## TASK TO CARRY OUT
Somewhere below, one line contains "One of Tom's" and a later line contains "Moral: One of". Output those two lines and everything between them exactly, and nothing else.

## GIVEN RECORDS
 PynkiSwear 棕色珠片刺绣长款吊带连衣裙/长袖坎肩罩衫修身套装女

* * *

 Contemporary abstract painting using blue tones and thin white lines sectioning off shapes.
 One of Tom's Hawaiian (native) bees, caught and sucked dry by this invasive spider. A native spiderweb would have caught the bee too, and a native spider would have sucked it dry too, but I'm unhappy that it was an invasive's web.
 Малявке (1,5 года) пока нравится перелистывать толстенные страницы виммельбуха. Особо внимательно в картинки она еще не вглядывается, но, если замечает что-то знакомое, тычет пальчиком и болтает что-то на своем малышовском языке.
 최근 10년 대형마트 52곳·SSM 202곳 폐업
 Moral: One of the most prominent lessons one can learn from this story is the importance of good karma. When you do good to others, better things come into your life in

## RESULT
 One of Tom's Hawaiian (native) bees, caught and sucked dry by this invasive spider. A native spiderweb would have caught the bee too, and a native spider would have sucked it dry too, but I'm unhappy that it was an invasive's web.
 Малявке (1,5 года) пока нравится перелистывать толстенные страницы виммельбуха. Особо внимательно в картинки она еще не вглядывается, но, если замечает что-то знакомое, тычет пальчиком и болтает что-то на своем малышовском языке.
 최근 10년 대형마트 52곳·SSM 202곳 폐업
 Moral: One of the most prominent lessons one can learn from this story is the importance of good karma. When you do good to others, better things come into your life in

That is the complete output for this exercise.